Every line of the material must be given again verbatim. Skip the images.

→ **THE DATA**
================
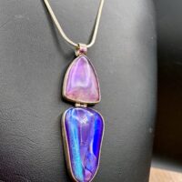 Over the years I have developed and refined many of my own techniques involving color combinations, glass combinations, hot-glass manipulation, custom findings, wire wrapping, wire embedding, grinding, and fire polishing which, I believe, give my jewelry creations their unique look and feel.
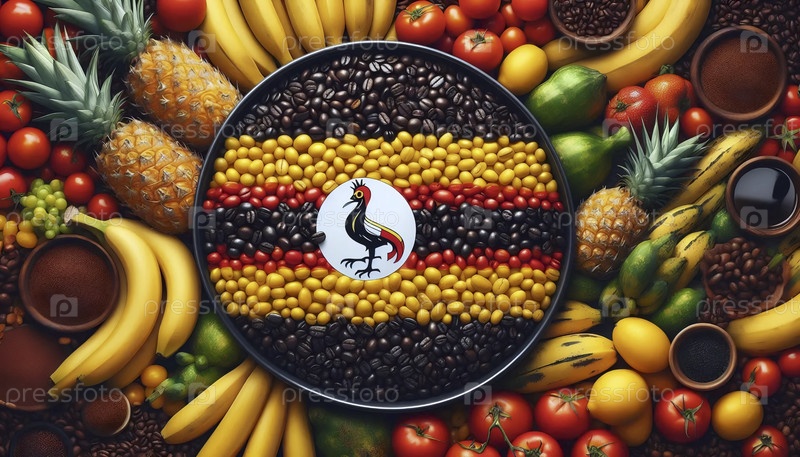 Угандийский флаг на оживленных уличных рынках и банановой торговле, A Ai generated image
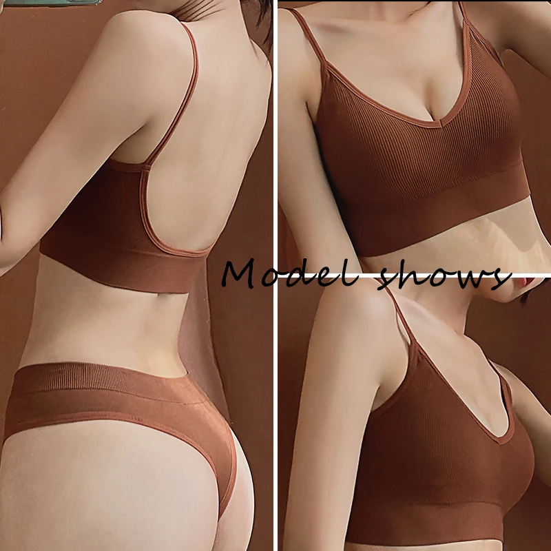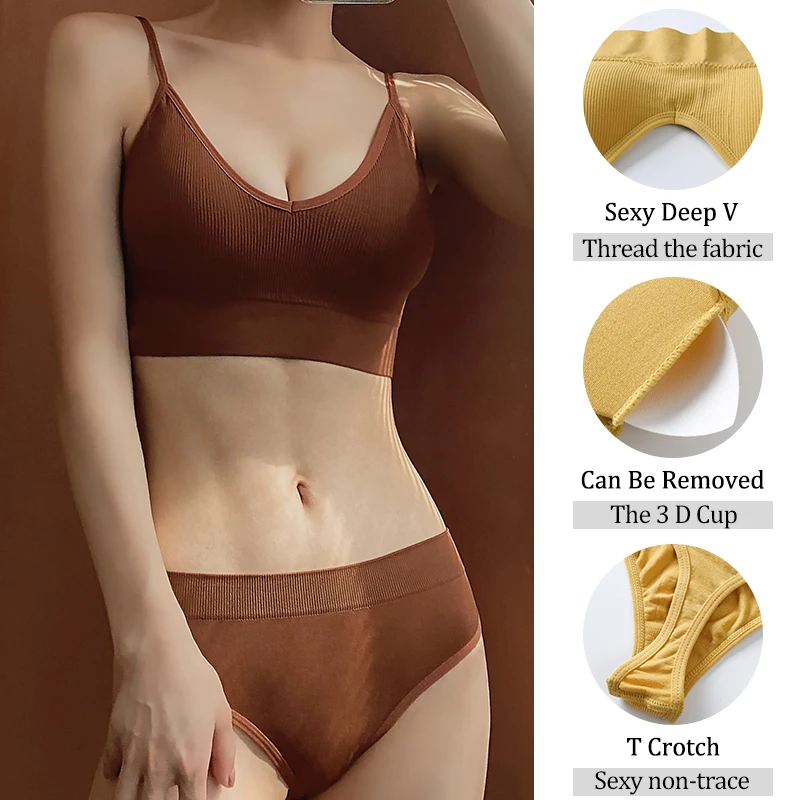 Женский комплект с бюстгальтером трусики бесшовные, сексуальные, 10 цветов, женский бюстгальтер для фитнеса, Спортивное нижнее белье, комплект с бюстгальтером с V-образным вырезом
================
→ **REPLY**
 Over the years I have developed and refined many of my own techniques involving color combinations, glass combinations, hot-glass manipulation, custom findings, wire wrapping, wire embedding, grinding, and fire polishing which, I believe, give my jewelry creations their unique look and feel.
 Угандийский флаг на оживленных уличных рынках и банановой торговле, A Ai generated image
 Женский комплект с бюстгальтером трусики бесшовные, сексуальные, 10 цветов, женский бюстгальтер для фитнеса, Спортивное нижнее белье, комплект с бюстгальтером с V-образным вырезом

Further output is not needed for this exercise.